Вместо Польши всех поляков, преградой которой, как я тогда считал, в течение почти полувека была Советская Россия, я увидел резко поделенную, погрязшую в вечных сварах страну. За кого голосует сегодня Кран, я не имею понятия. Наша солидаристская конспирация была веселая и достаточно открытая. Та другая смертельно серьезная и глубоко запрятанная, и, что самое важное, абсолютно здешняя, местная, не нуждающаяся ни в каком Алганове в качестве советника[81].
Когда я слышу в кинотеатре гогот в ответ на каждое грубое слово, глуповатые смешки как реакцию на фразу, только наполовину понятую зрителями, я размышляю о важной перемене, которая произошла в моем сознании с 1981 года.
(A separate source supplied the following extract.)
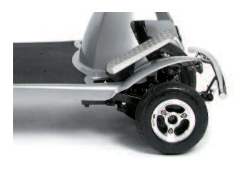
Quintell™Adaptive Footplates Adjustable to match your measurements

До этого времени я думал о польском обществе солидарно как один из граждан этой страны. Разумеется, я знал, что оно расслоено, но факт, что столько людей хочет смотреть мои фильмы, подсказывал мне, что в Польше многие думают, как я. А если случается по-другому, то виновата система, которая сфальсифицировала школьные учебники, вечно врет в газетах, радио и телевидении, промывает обществу мозги, а оно, общество, жаждет свободы и правды. Сегодня у меня этих иллюзий больше нет.
В парламенте, избранном в июне 1989 года в ситуации полу-зависимости от коммунистов, собралось много интеллектуалов и художников, людей серьезных и уравновешенных. В стране создавались гражданские комитеты, крепкая и здоровая сила, которая складывалась из интеллигентов, прежде выдавливаемых партией на обочину общественной жизни. Вместе мы образовывали мощное движение, которое было таковым до момента, когда Лех Валенса испугался, что оно может выйти из-под его контроля, и затеял известную «войну в верхах».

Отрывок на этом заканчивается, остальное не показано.